There was very little entertainment available in the
small mining community, so they congregated in the beverage
parlour for their first legal drink in town. No more
paying the friendly bootlegger high prices for a drink.
After hours of drinking[,] the sounds from the beverage
room started getting louder and ever yet louder[;]then a
few friendly arguments began between friends. This was
followed by quarrels between individuals, then rival gangs
entered the discussions. The [Anglo-Saxons] and French broke
into two groups[,] followed by the locals against the foreigners.
Fists began to fly in the beverage room and expanded
into the hotel rotunda. For some unknown reason one of
the combatants [wandered] into the barber shop, which was in
the hotel. One of the patrons seated for a [haircut], stood
up, ploughed the intruder between the eyes and sat back into
the chair for the barber to finish his [haircut], while he
lay stretched out on the Barber Shop floor.
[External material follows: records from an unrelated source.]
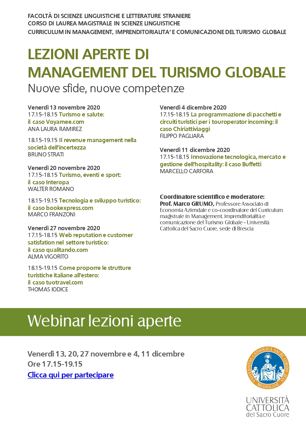 Il corso di Laurea Magistrale in Scienze Linguistiche e Letterature Straniere dell'Università Cattolica (Sede di Brescia) - curriculum in Management, Imprenditorialità e Comunicazione del Turismo globale - coordinato dal Prof. Marco Grumo, ha organizzato un ciclo di lezioni aperte con cadenza settimanale sul tema delle nuove sfide e competenze professionali del Management delle imprese turistiche.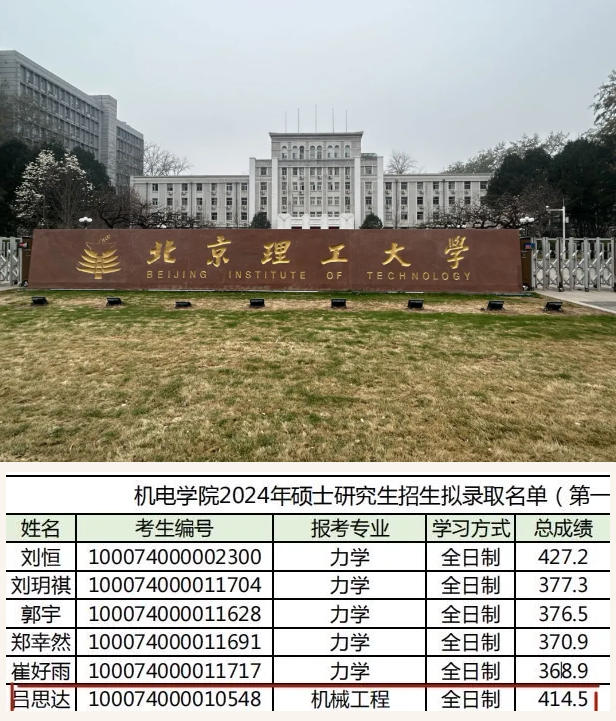 在过去的一年中,吕思达同学一直在准备硕士研究生考试。这一年他在自我肯定与自我否定的交织中度过,他深知考取学硕的路充满艰辛,但依然熬过酷暑、挺过寒冬,最终提交了那份承载梦想的答卷。今天,他已经以初试413分,初复试总分414.5分,专业第一的成绩拟录取于北京理工大学智能机器人研究所。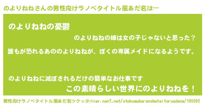 | ヘコむあだ名 | 『のよりねね(小並感)』『のよもー』 |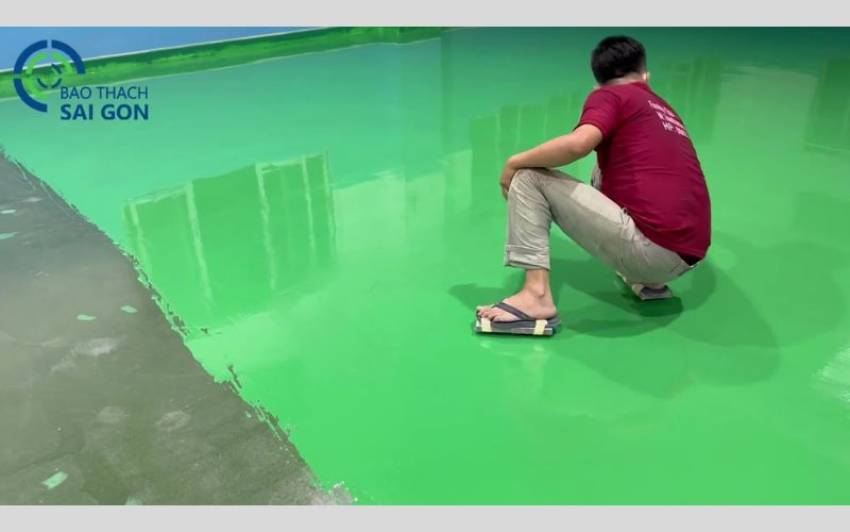 Tiếp theo, thi công lớp sơn lót để tạo sự liên kết giữa bề mặt sàn và lớp sơn phủ tiếp theo. Sơn lót còn có tác dụng ngăn ngừa sự thấm nước và hóa chất vào bề mặt bê tông, giúp bảo vệ sàn lâu dài.
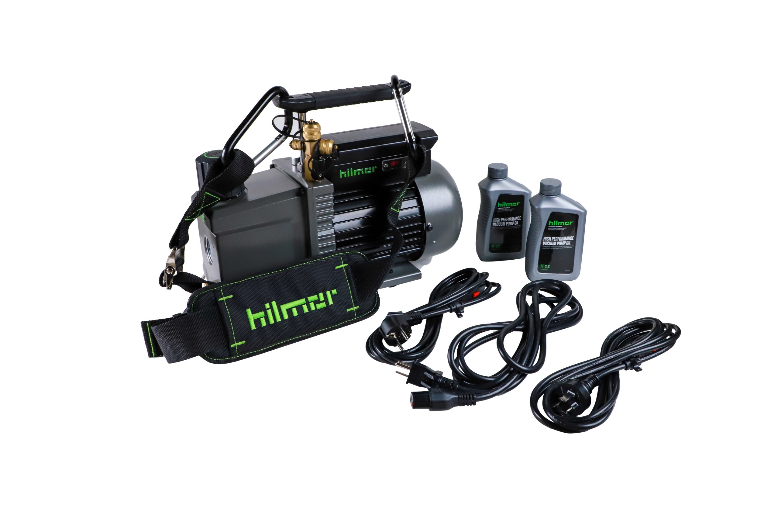 Your days of messing around with clunky, unreliable pumps are over. The first thing you’ll notice is how two durable hoist points allow you to transport your vacuum pump with ease. Simply attach the hilmor HVAC/R Carrying Strap, throw it over your shoulde
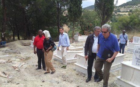 Ertesi gün Soma'ya hareket eden heyet burada sendikamız Ege Bölgesi 1 No'lu Şube Müteşebbis Heyeti Başkanı Ali Gökmen'i, kaymakamlığı, şehitliği ve şehit madenci ailelerini ziyaret etti. IndustriAll Küresel Sanayi İşçileri Sendikası Genel Sekreter Yardımcısı Kemal Özkan Soma'da yaptığı konuşmada şunları kaydetti: 'Tüm dünya özellikle buradaki maden işçilerinin ailelerinin acılarını yürekten paylaşıyor. Buraya gelmeden önce tabii ki çok duygusal anlar yaşadık. Madenci şehitliğini ziyaret ettik, hüzünlendik, ağladık onların acılarını tekrar içimizde hissettik ruhları şad olsun, nur içinde yatsınlar anılarını her zaman içimizde yaşatacağız, onları hiç unutamayacağız. Onlar büyük bir mücadele ailelerinin, kendilerinin gelecekleri için mücadele ettiler ama gerçekten çok büyük bir facianın katliamın sonunda hayatlarını kaybettiler'. Avustralya Maden ve Enerji Sendikası Genel Sekreteri ve IndustriAll Küresel Sanayi İşçileri Sendikası Madencilik Başkanı Andrew Vickers ise, 'Bizim ziyaretlerimizin en önemli amaçlarından biri burada kaybettiğimiz madenci kardeşlerimize taziyelerimizi, başsağlıklarımızı dilemek, onların ruhları önünde eğilmek. Bildiğiniz gibi madenciler arasındaki dayanışma bütün dünyada son derece yaygındır, bilinir. Biz bütün dünyadaki madenciler olarak buradaki kazayı duyduğumuzda hepimiz büyük bir şoka girdik, büyük üzüntü hissettik' şeklinde konuştu.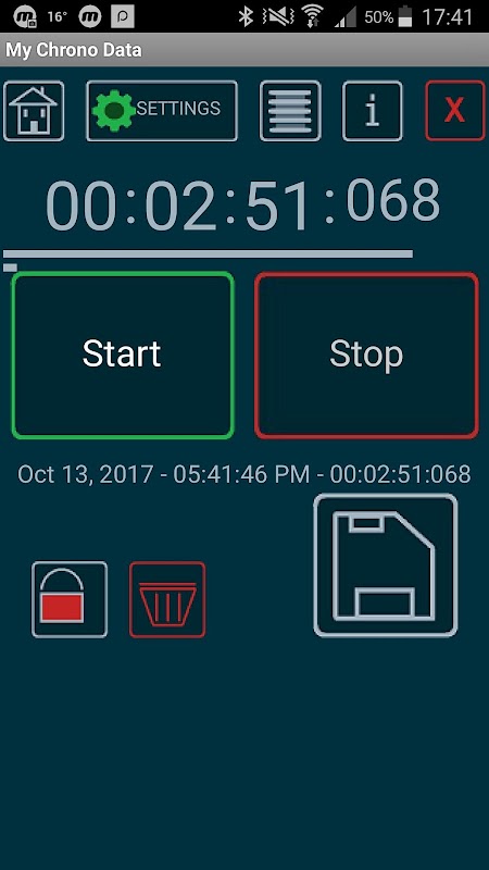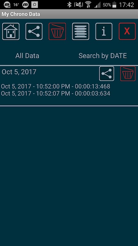 Chrono or Stopwatch events, with a safe Delete Button to prevents unintentional discarding.

The bare fists soon became raw and sore from the
constant use, so weapons of all sorts appeared from hidden
places. There were bottles, clubs, chairs, tables and in
some cases just the table leg, [and] even a few knives came into
play.

Although it was the Season of Peace on Earth, there
was no peace in the Geraldton Hotel[,] only pieces and rubble,
on that eventful Christmas Eve.

Windows were broken and the furniture lay in a heap
of rubble on the floor of the drafty hotel rotunda. Men
lay cold from their wounds of battle all around the
perimeter of the rotunda. Wounds totalled 6 fractured ribs,
3 knife wounds and numerous reported black eyes, concussions,
head injuries and facial cuts.

Mr. Draper, hotel owner, could do nothing to stop the
battle[;] there were no police in the area. He prayed that
his wife and young son would be safe in the upstairs of the
hotel. Mrs. Draper had just came to Geraldton to join her
husband. She realized what was happening in the rotunda[,]
so she moved the dresser across the door to the room and
prayed that she and her small infant son would live to
enjoy Christmas Day.

When the combatants had their fill of fighting[,] the
battle was over and the [dilapidated] hotel was in ruins.
The [mine] managers realized they should accept some
of the responsibility for what had happened and they hired
two police officers to enforce the law in Geraldton. Up
until this time there had been no need for police. The town
was not incorporated so there was no municipal government
to set any laws.

A magistrate arrived in town shortly after the battle
and held court in the wrecked hotel. He levied fines
amounting to $600.00 against the battle combatants. There
was no restitution for Mr. Draper to repair the damages .

Little Long Lac Hospital (built and staffed by the mine) in 1934. The 5-bed institution measured 32 feet square. The first staff were Dr. John Vernon Riches and nurse Miss Mabel Brownlee. In this hospital the casualties of the Battle of Christmas Eve 1934 would have been treated.
View of Rosedale Point looking east and, in the foreground, the boiler house of Little Long Lac Mine, 1934. The annotation penned on the photo by a zealous scribe is wrong on two points. The southern part of Mine Road and the Barton Bay bridge (neither of which is depicted here) were constructed in 1935. Beyond the boiler house, the first tailings are being deposited; the first bricks were poured on December 17,1934. The bay beyond Rosedale Point would eventually be filled in with tailings, locally called “the slimes”. The pipeline conveying the slurry of tailings is elevated like a Roman aqueduct. The residential units from R to L: two-storey duplex (still standing), Red Cross hospital, Directors’ Lodge (aka Club House, now a private residence), and at the extreme end of the Point, in the trees, the residence of Alan Barton, mine manager, since rebuilt.